If you choose to retain C corporation status, you may have alternative means of mitigating the tax impact on its sale. A buyer purchasing assets typically prefers to allocate as much of the purchase price as possible to currently deductible expenses or short-lived assets, namely furniture and equipment. However, the portion of the purchase price that is allocated to goodwill (the book of business) must be amortized and the deduction spread over 15 years. As a result, many buyers prefer to allocate a portion of the purchase to a deductible Consulting Agreement rather than goodwill.

With a Consulting Agreement:

• The seller will owe ordinary income tax on the Consulting Agreement and incur additional expenses such as self-employment taxes

• The seller’s eligibility for Social Security benefits may be affected while receiving payments

• The buyer may have to recognize certain employee-related expenses that would not have occurred in a pure asset sale

Another alternative is to allocate the purchase price to "personal goodwill." Personal goodwill characterizes the goodwill associated with the practice as a personal asset of the individual shareholder, rather than something that belongs to the business.*

Personal Goodwill:

• For the seller, this allocation of the sale price bypasses the corporate-level tax by shifting the transaction to the seller’s personal tax return, thus netting more to the seller

• The goodwill is amortized and deducted over a 15-year period

Table 2 below demonstrates that by shifting the purchase price outside the business to personal goodwill, the seller nets $196,000 more from the sale.

Table 2

  Allocation to Corporate Goodwill Allocation to Personal Goodwill
Allocated Sales Price $700,000 $700,000
Corporate-Level Tax(35%) $(245,000) 0
Available for Distribution $455,000 $700,000
Capital Gains Tax (20%) $(91,000) $(140,000)
Net to Shareholder $364,000 $560,000

 

Reaching a Decision

In order to make the most advantageous election for your practice, work with an accounting firm experienced in business transactions and tax laws. For some practitioners, the income tax difference between personal and corporate rates is significant enough to retain C corporation status, particularly if they are no longer building value in their practice. However, evaluating the present value of tax savings of operating (and then selling) in an alternative entity structure may provide motivation to consider other options.

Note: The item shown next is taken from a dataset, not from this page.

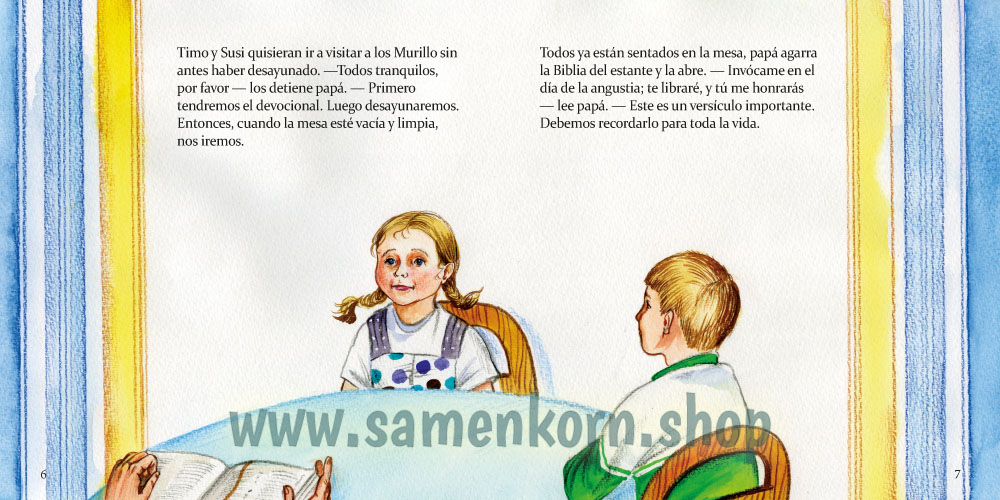 Cada domingo en la mañana, la familia Hofman va a la iglesia con abuela Lola. En la tarde, Timo y Susi van a la escuela dominical. Allí cantan cantos lindos y la hermana Renate les cuenta historias bíblicas muy interesantes.

To determine the best approach for you and your business, your tax and legal advisors will need to understand the nuances of what you are trying to accomplish—requiring an investment of time and money on your part. By making this effort sooner rather than later, you stand to maximize the net return you can realize from your practice.

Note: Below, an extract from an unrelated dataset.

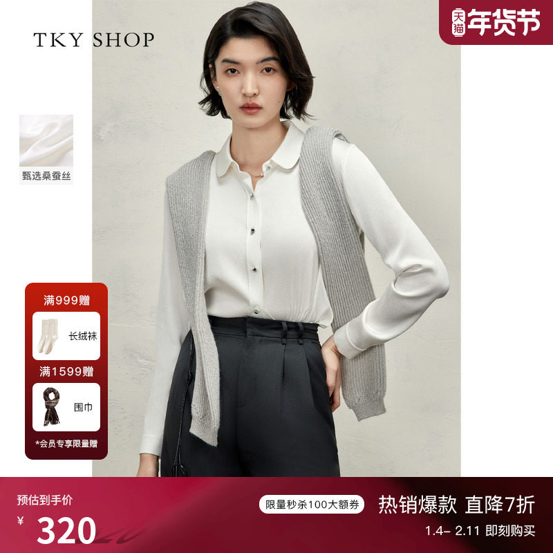 TKY SHOP简约白色真丝衬衫女2025春新款高级感奢贵桑蚕丝衬衣通勤

*Be advised that the IRS is closely scrutinizing transactions purporting to attribute goodwill to the shareholder rather than the corporation. Although several recent court cases were decided in favor of the taxpayer, this strategy seems to work only where the corporation really has no economic claim to goodwill and all of the goodwill is a result of the personal efforts of the shareholder.

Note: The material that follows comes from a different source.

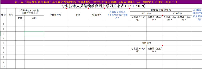 4、學(xué)員填寫好報(bào)名表之后,掃描表格后面支付二維碼,支付完成后發(fā)送繳費(fèi)成功憑證和報(bào)名表到郵箱:gdrsrc@163.com,學(xué)員報(bào)名成功后一個(gè)工作日,施教機(jī)構(gòu)為學(xué)員開通學(xué)習(xí)賬號(hào)。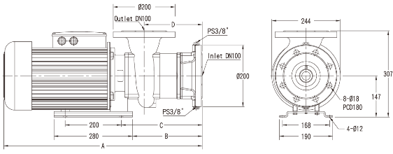 TPM為水平多段式離心泵浦,非自吸式,泵與馬達同軸設計,配用機械軸封,

Mark C. Tibergien is a principal at Moss Adams LLP, Seattle, WA. Moss Adams is the 13th largest CPA firm in the U.S. and specializes in valuation, ownership transition, practice management and accounting issues for a variety of businesses, including financial planning firms, broker-dealers and investment advisors.

The services and opinions or Mr. Tibergien are independent of Charles Schwab & Co., Inc. This article and opinions contained therein are for general information only, and are not intended to provide specific advice or recommendations for any individual or situation.